The Mean Drunk and the Mendacity

I fear the Senate will conclude that boys will be boys — and sometimes sexual predators — but they can still grow up to be Supreme Court justices.

By MARTHA BURK

If you’d never seen a mean drunk and you were anywhere near a TV on Sept. 27, you’ve seen one now.

Judge Brett Kavanaugh displayed all the characteristics: belligerence, bullying, shouting, and boo-hooing in out-of-control anger. He said he hadn’t watched the testimony of Christine Blasey Ford detailing his sexual assault on her because he was busy writing his own testimony. His performance makes one wonder if he was nipping while he wrote.

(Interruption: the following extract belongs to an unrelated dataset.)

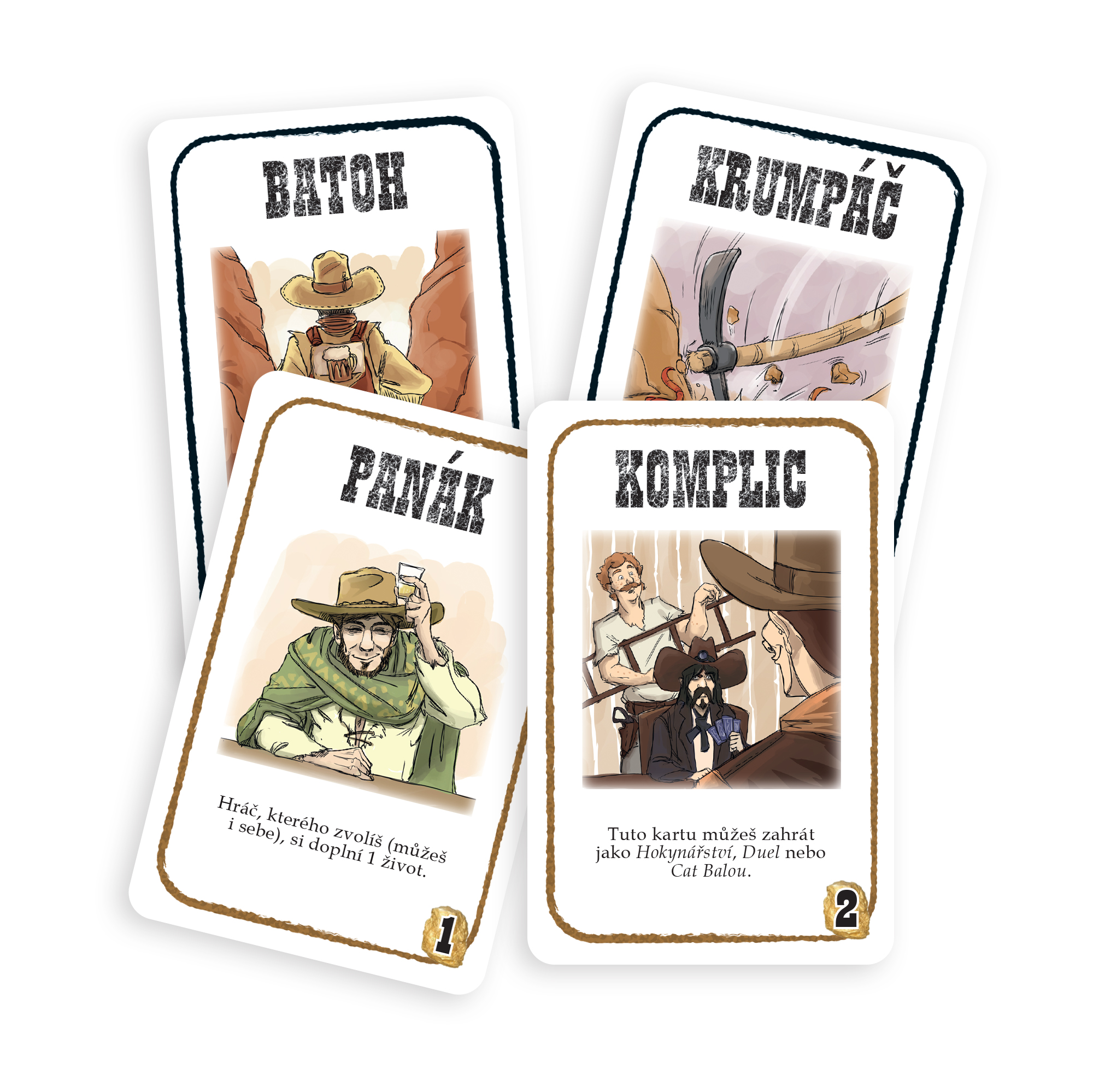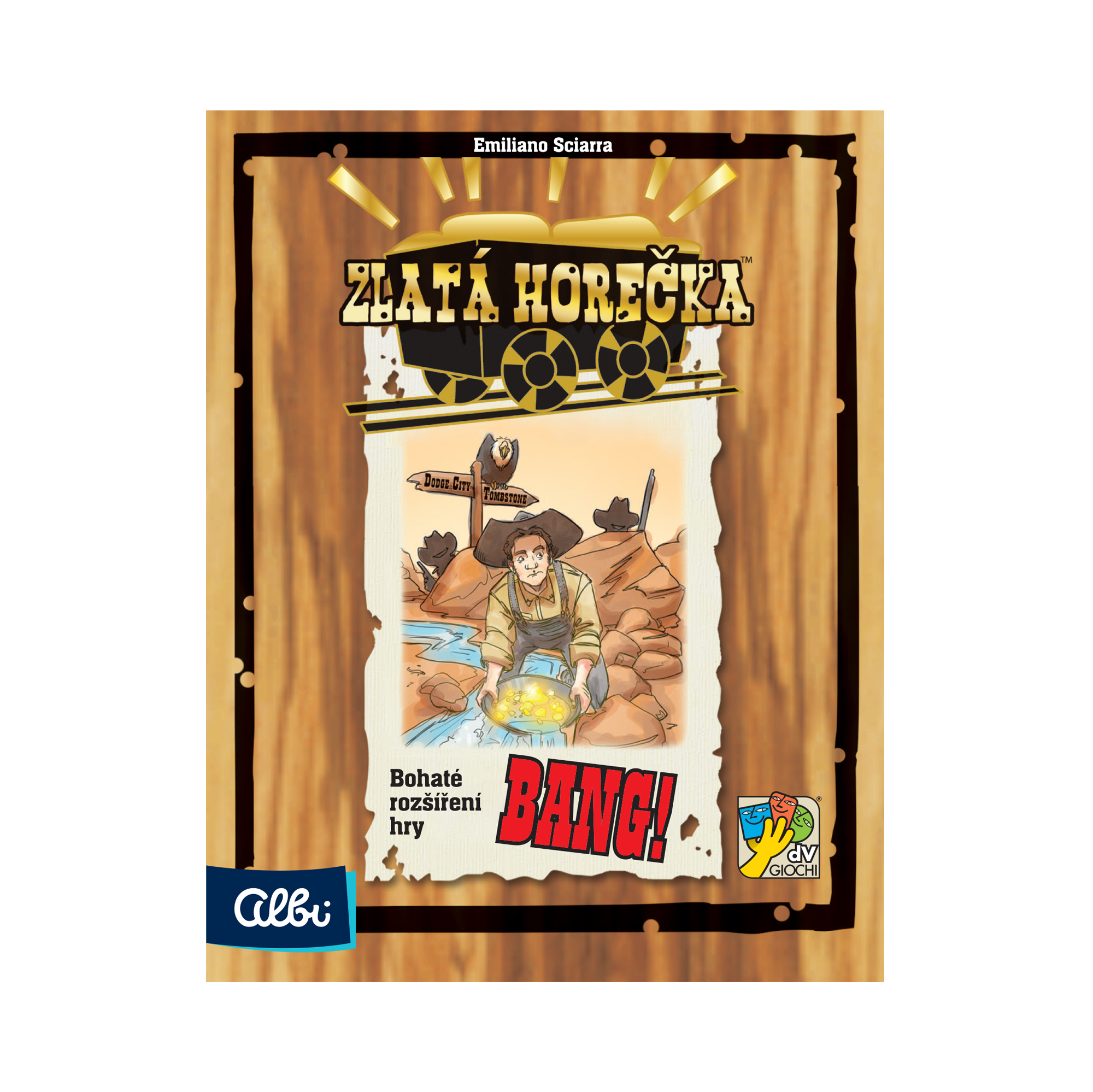 Bang! Zlatá horúčka Bohaté rozšírenie hry Bang! Nastala zlatá horúčka! Najrýchlejší pištoľníci môžu v hre vyryžovať množstvo zlata. Kto má zlato, môže si nakúpiť užitočné vybavenie, ktoré môže pomôcť pri prestrelkách. Treba sa však mať na pozore pred tieňovými pištoľníkmi... Majú jediný cieľ, a to dostať ťa z hry. Poponáhľaj sa, nech si u zlatonosnej riečky prvý! Zlatá horúčka je rozšírenie, ku ktorému potrebujete základnú hru Bang! A môžete ho ľubovoľne kombinovať s ostatnými rozšíreniami hry Bang!. Obsah: karta roly tieňového odpadlíka, 8 kariet postáv, 24 kariet vybavenia, 30 zlatých balvanov (plastových) a pravidlá hry v češtine a slovenčine.

And what a spectacular performance it was. He swiftly transformed himself into the victim instead of the perpetrator. Sort of a #MeToo for powerful, privileged white males accused of doing terrible things. You know the type — we see it every day in Donald J. Trump, who loved the show, characterizing Kavanaugh as “powerful, honest, and riveting.”

But theatrics aside, what we know now that we didn’t before Kavanaugh’s meltdown is this: At the very least — he’s temperamentally unsuited for the nation’s highest court. Well, he does deserve an Academy Award for mendacity at least.

There are more acts to come.

Sen. Jeff Flake, retiring Republican senator from Arizona, who has a record of disdaining Trump until he doesn’t, was backed into an elevator by furious women and forced to call for a one week postponement of the final confirmation vote, until there’s an FBI investigation of Ford’s charges and those of two other women.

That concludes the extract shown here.